I used to be a Junie B. Jones fan....until I met Ready Freddy. There's something about Junie B. that made me feel shameful to read her to my class of impressionable students. Freddy is a first grader who encounters some of the same issues but is what I would consider to be a more realistic student. Also I have to admit I like him because he doesn't back talk and name call. Although the bully, Max does this, he is just that...a bully...not the main character in the book.
My own children at home really like all of these real life animal stories. Here are some we've read countless times:
Little Pink Pup by Johanna Kerby (a little pig who was raised by dogs)
A Kid for Jack by Fourth Grade Students at Piney Grove Elem School
The Little One (can't find author right now but it's about a little girl who raises a ring tailed lemur on an animal preservation with her family)
Little Dog Lost: The True Story of a Brave Dog Named Baltic
In fourth grade, I’ve started the beginning of each year reading “Tales of a 4th Grade Nothing.” I want to continue this read aloud because this year, I will have mostly boys! The past two years I have shared one of my favorites (and one that Layne mentioned), “Pippi Longstocking.” Last year, I had mostly girls so we loved reading about Pippi’s adventures together! This year, I’m not sure if it will be appropriate with all my new boys!
I really like the idea of reading two grade levels up to help build comprehension. I think it’s important for students to stop and answer questions during a read aloud. To us, we’re working on comprehension outside of LA class, to our kids, we’re just talking about the book!
Three of the books I have in my Amazon cart that I would love to share this year include “Blood on the River” by Elisa Carbone. This is perfect to tie into our Jamestown curriculum. “Stargirl” by Jerry Spinelli seems like a perfect to help teach kids to embrace their individuality and to respect others. I am hoping this is appropriate for 4th grade! Last, I am really drawn to Lois Lowry’s “Gooney Bird Greene.” First, I love Lowry’s books (Gathering Blue is one of my all time favorites!) but I love that her work is also geared to younger readers. She reminds me of a Pippi-Junie B hybrid and one that I hope my kids will enjoy getting to know!
Reading aloud is something I've always done with my students, and a few of my favorite read alouds are The BFG, Knuffle Bunny, Too Many Frogs, and My Little Sister Ate One Hare, and any of the Elephant and Piggy books...see a trend? I love silly stories, and getting my students to appreciate humor. While, I'm not necessarily a genre hater, I certainly lean toward a certain type of book. Layne has made me more aware of this, and I plan to branch out on my read aloud selections in the upcoming year.
At the start of each school year, I have my students complete an interest survey for me. I use this to help me steer them toward books that they might be interested in for self-selected reading. This year, I plan to use these surveys to help map out my read alouds as well.

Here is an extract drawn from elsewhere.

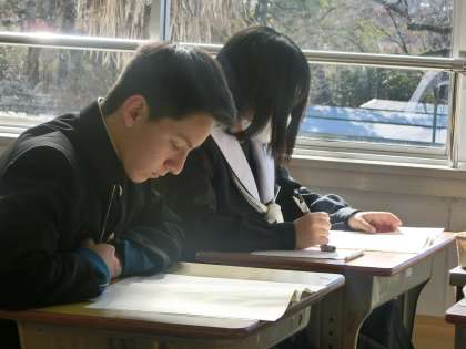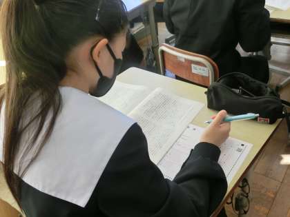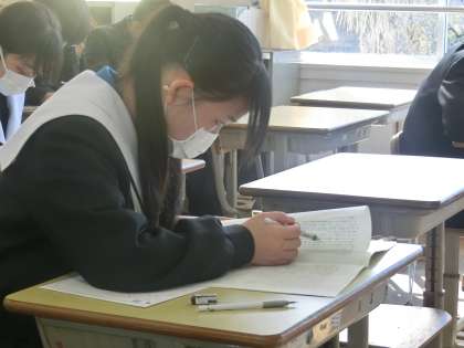 公立高校の推薦入試の受検に出かけている生徒がいるため、教室はいつもより少し寂しい感じがしましたが、一般入試に向けての学習に一生懸命取り組んでいます。すでに私立高校・専修学校の合格を手にしている生徒もいますが、仲間を応援するため、同じモチベーションで学習に取り組んでいます。
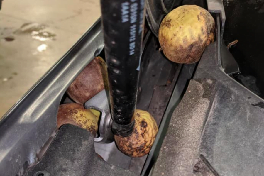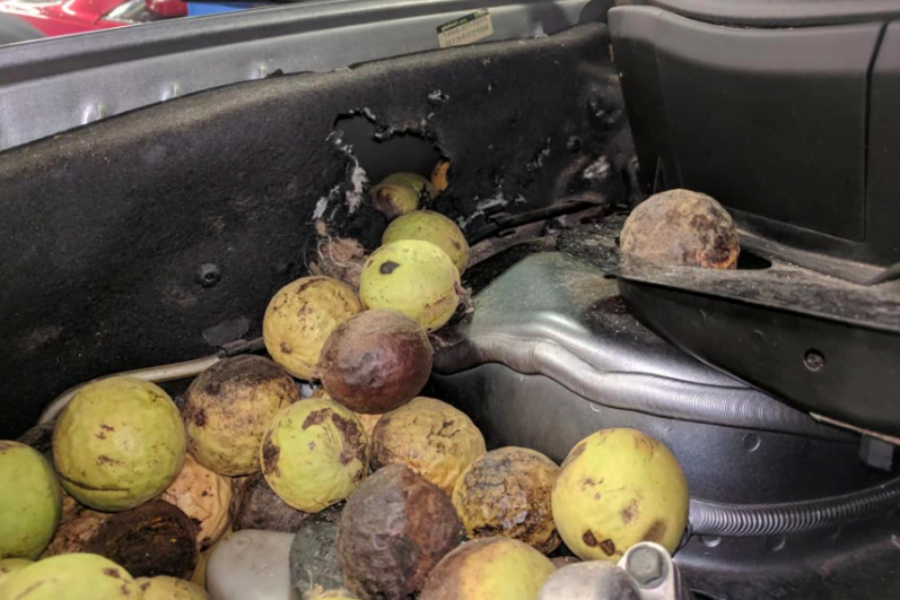 Το μηχανοστάσιο του 3.5 V6 είχε μετατραπεί σε αποθήκη ενός σκίουρου, ο οποίος συγκέντρωνε τα καρύδια του κάτω από το καπό του Murano. Ολόκληρος ο χώρος του κινητήρα ήταν γεμάτος με το σνακ του συμπαθέστατου τρωκτικού, το οποίο είχε καταφέρει να τα τρυπώσει ακόμα και μέσα στους θόλους των τροχών! Αυτό ήταν και το σημείο εισόδου για τον σκίουρο, καθώς είχε μασήσει την μόνωση στο εσωτερικό των φτερών και μπαινοέβγαινε ανενόχλητος. Μάλιστα έφαγε και την μόνωση στο καπό, για να χωράει καλύτερα.

As an elementary school reading specialist, I work with students in 1st-5th grade, and am limited in the amount of service time I have with them daily. Layne made me truly consider the importance of "listening up." So taking student interest and listening up into account, I won't have my entire read aloud plan in place until after I meet the students in my caseload. Some books I hope to use as read alouds include the following:
1st grade: Actual Size - Steve Jenkins
2nd grade: Lulu and the Brontosaurus - Judith Viorst
3rd grade: Scaredy Squirrel - Melanie Watt
4th grade: The Miraculous Journey of Edward Tulane - Kate DiCamillo
5th grade: Henry's Freedom Box - Ellen Levine
I'm also hoping to create a read aloud word wall. I have seen the idea on Pinterest, but have yet to implement it. Basically, you copy the cover of the book, and list the vocabulary words taught from that book to create a word wall of sorts. You could refer to these words throughout the year, but could also cross-reference as these words show up in other read alouds or in daily instruction.